Eduardo José Gómez Hernández: Advancements towards non-speculative concurrent execution of critical sections
- Date: 3 June 2025, 16:00
- Location: Salón de Grados, Facultad de Informatica (Building 32), University of Murcia, Murcia (Spain)
- Type: Thesis defence
- Thesis author: Eduardo José Gómez Hernández
- External reviewer: Daniel Sorin
- Supervisors: Stefanos Kaxiras, Alberto Ros Bardisa
- Research subject: Computer Science
- DiVA
Abstract
Parallel programs require, besides the cache orchestration, another mechanism that guarantees synchronization among other threads of the same program.These synchronization mechanisms will induce overheads, by slowing down certain operations and stalling threads, among many others, to comply with the requirements established by the programmer.
The thesis's objective is the efficient execution of critical sections, that is, regions of code that must be executed atomically.The most efficient method is the concurrent and non-speculative executions of these sections.To achieve this, we present the 3 steps we have taken:1) single-atomic instructions can be used to implement non-speculative critical sections, therefore, we develop an updated version of the well-known Splash benchmark suite that uses single-address atomic instructions to implement most of the critical sections (Splash-4);2) a new set of multi-address atomic instructions, and a methodology on how to efficiently implement them, that can be used for small critical sections (MADs);3) without the direct intervention of the programmer, a more generic method that limits the retries required to execute contended critical regions (CLEAR).
For an efficient evaluation of the results, we have used the most up-to-date tools possible in each case, and even, when possible, real machines instead of simulations.For the simulations, we have used the gem5 simulator, at all times performing multiple runs.The simulator has been configured to emulate, as reliably as possible, processors based on the latest intel generations.

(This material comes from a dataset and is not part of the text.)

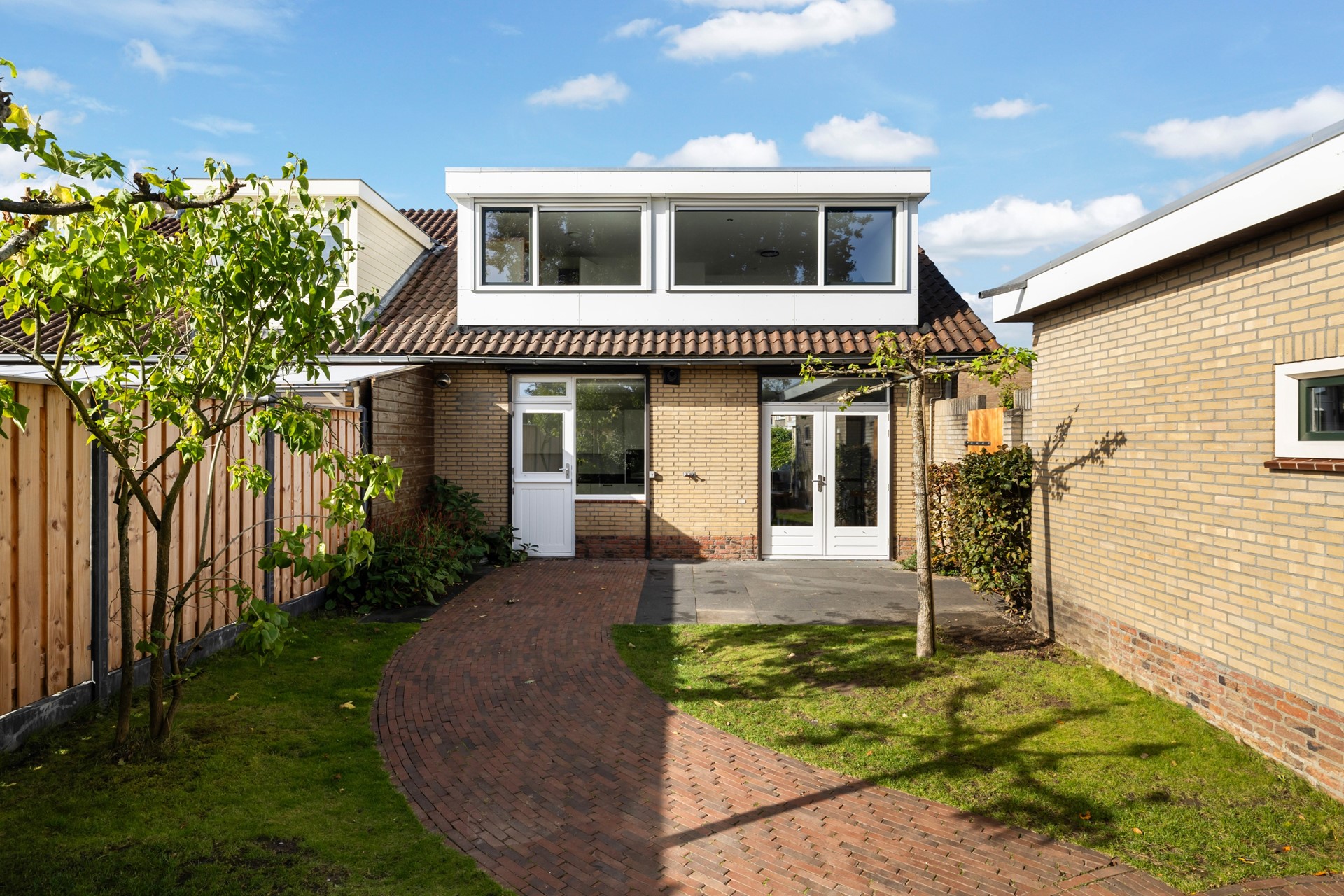 De achtertuin beschikt over een terras met sierbestrating, een gazon en rondom aangelegde borders met gevarieerde beplanting, waaronder een centraal geplaatste dakboom en een volwassen hoogstamboom. Er is voldoende ruimte voor een royale eettafel met stoelen en een comfortabele loungeset.

In our first step, Splash-4, we have managed to reduce the execution time by using 64-cores by 50%, while maintaining the original structure and algorithms.In the second objective (MADs), the new atomic instructions implemented, reduce execution time by 80% compared to the classical lock mechanism, and by 60% by using a transitional memory technique similar to intel TSX, adding only 68 bytes per core.Finally, CLEAR is able to limit the number of re-executions of critical sections executed under speculative methods, increasing by 35% the number of sections that complete on the first retry, and reducing from 37% to 15% the number of sections that need to reach fallback. All this improving the execution time by 35% against an Intel TSX implementation and 23% against PowerTM.